DEAR MISS MANNERS: I am a very shy, quiet person at work. My strong work ethic, upbringing and genetic makeup made me that way. However, it always seems like the most loud-mouthed person at various jobs I have had think it is necessary to point this out to me, and it is often done when other people are around.
I am always taken aback by the rudeness of pointing out something personal to me. It makes me feel intimidated and upset. Needless to say, I end up disliking that person and go out of my way to avoid any future contact.
This last time, a co-worker at a restaurant (we were giving her a going-away lunch) said to me, "It's nice you came. You're so quiet."
This time I did find words and said, "I'm just working hard, trying to impress the supervisor."

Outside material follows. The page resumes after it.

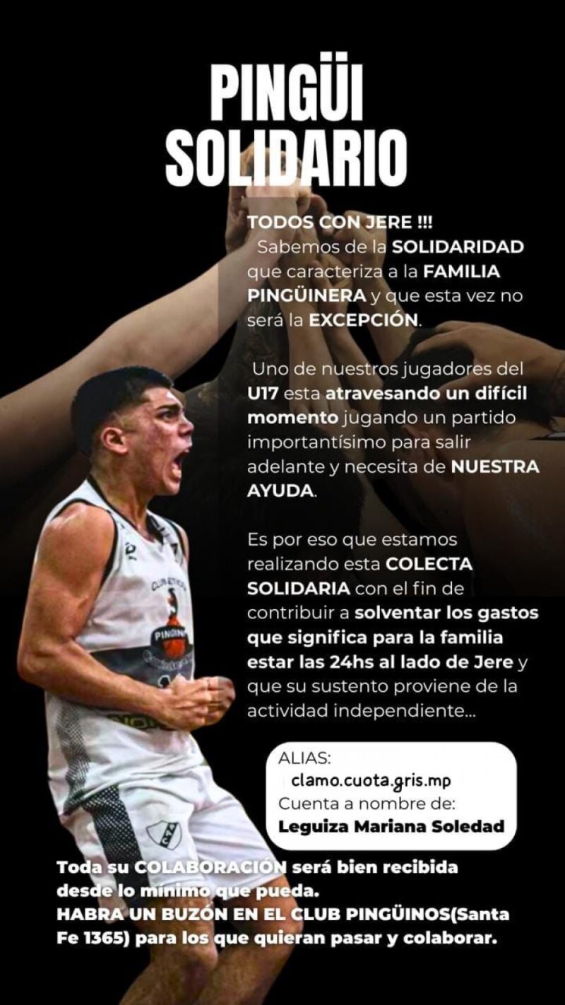 Debido al cuadro que afronta Jeremías, desde el Club Atlético Pingüinos llevan adelante una colecta solidaria para colaborar con los gastos de la familia, que se encuentra en vigilia permanente en el Hospital, a la espera de su evolución

Was this a good answer, or should I have said something harsher? I'm a nice person, and I do converse with people at work when I feel it is appropriate. It's always the loudest and most talkative people who like to "insult" me. What if l said to them, "You're so loud!"
GENTLE READER: No, please don't call anyone "loud." Isn't your object to discourage the Rudeness Squad, whose mission is to embarrass people who are behaving well? Then why join them?
Miss Manners knows that you are not alone in assuming that rudeness is the only way to make a point. She finds this odd, however, because it has a low success rate. The effective way to deal with this would be to reply only with a silent smile, clearly pasted on in place of a reply, and then to turn and begin a nice quiet conversation with someone else.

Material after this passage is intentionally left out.